There is no more order to my maps than to those of my actual journeys. The Atlas mountains of Morocco are shoved against the Colorado back country. The island of Tobago (where I once drove every single road) is nestled alongside South Africa. These documents serve as a better record of my travels than a journal — not least because I’m too lazy to write a journal.
It’s easier to orient yourself on a big spread of paper, and your eye is drawn to roads and routes and green spaces you’d never notice on a small screen
Make no mistake: Maps are a pain in the ass. You need a graduate class in origami to fold them. And, yes, nine times out of 10, your smart phone gets the job done much faster.
But just like reading an actual, bound book or magazine versus an iPad or Kindle, you consume a real map differently. It’s easier to orient yourself on a big spread of paper, and your eye is drawn to roads and routes and green spaces you’d never notice on a small screen. A map invites time and care and observance of the details. It encourages the kind of exploration that happens in real life, when you’re out on the road, instead of the turn-by-turn rigidity of a digital device.
And when I’m listening to directions from car or phone, I’m loath to take that curious byroad or phantom trail, worried that it might befuddle the logic of the machine, and that I’ll never quite find my way. (Some GPS units seem to insist that you return to the place where you started taking creative turns, rather than simply re-mapping the route.) So, I resist my more adventurous urge and follow directions.
That’s a bummer, because my best stories usually begin with me getting lost.

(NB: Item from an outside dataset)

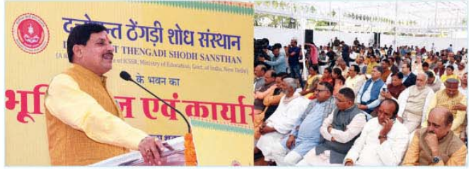
मुख्यमंत्री डॉ. मोहन यादव ने दत्तोपंत ठेंगडी संस्थान के भूमिपूजन कार्यक्रम में

भोपाल, मुख्यमंत्री डॉ. मोहन यादव ने दत्तोपंत ठेंगडी शोध संस्थान के नवीन परिसर भवन के भूमिपूजन और कार्य आरंभ के अवसर पर श्रोताओं को संबोधित किया। मुख्यमंत्री ने कहा कि ऋषि स्वरूप व्यक्तित्व के श्री दत्तोपंत ठेंगडी ने दीर्घक के समान स्वयं जनक विचारों का प्रकाश समाज को प्रदान किया। क्षेत्र, श्रमिकों की स्थिति और स्वदेशी की कृषि में उनका विचार उज्ज्वल नभर के समान हैं, जो समाज को निरंतर मार्गदर्शन प्रदान करते रहेंगे। विद्यार्थी परिषद के संस्थापक सदस्य के रूप में भी उनकी भूमिका महत्वपूर्ण रही है। हिंदुत्व को राष्ट्रीयता से आगे विश्व बंधुत्व के रूप में देखते थे। उनका मानना था कि चरित्र जगत में हिंदुत्व के विचार का विस्तार मनुष्य, समाज, राष्ट्र और मानवता तक है। वर्तमान समय में उनके विचार अधिक समसामयिक हो जाते हैं, समूर्ण विश्व विभिन्न समस्याओं में मार्गदर्शन और उनके समाधान के लिए भारत की ओर आशा की दृष्टि से देख रहा है। भारत अपनी यह भूमिका प्राचीन भारतीय ज्ञान परम्परा के आधार पर ही निभा सकता है। इस परिप्रेक्ष्य में भारतीय ज्ञान परम्परा के विभिन्न आयामों पर शोध

With a map in my pocket, I always feel (somewhat) confident of finding my way again. And I never worry about a satellite signal dropping out.
I also hate the thought of real-life mapmakers getting kicked to the curb, like cabbies and booksellers and journalists. Local maps and road atlases used to live in coveted counter space in every gas station across the land, but those days are gone.
Illinois-based Rand McNally filed for bankruptcy in the early 2000s as it struggled to navigate from the paper world to the digital. It was rescued by a private equity firm, and is now mostly focused on selling GPS devices to truckers and RV owners. The company still prints paper maps, but acknowledges it’s a declining business. The number produced by the AAA each year has also decreased dramatically.
Meanwhile, back in Northern California, the map I’d brought along saved the day. I might have given up my idea of a trail run and opted for an early wine. Instead I blasted up Trinity Road, which was a vertiginous and thrilling route through virgin foliage, with stellar views on either side.
Jack London State Park was even better. I parked, set off at a steady trot, and passed by the gorgeous stone house where the author once lived. The trail into the trees was steep and, within 45 minutes, I was pleasantly exhausted. I turned around and bounded back down, arriving near the bottom just as the late fall sun turned the surrounding vineyards a bright, blushing orange.
When I arrived at French Laundry, just showered and leg muscles feeling well used, I’d earned my appetite.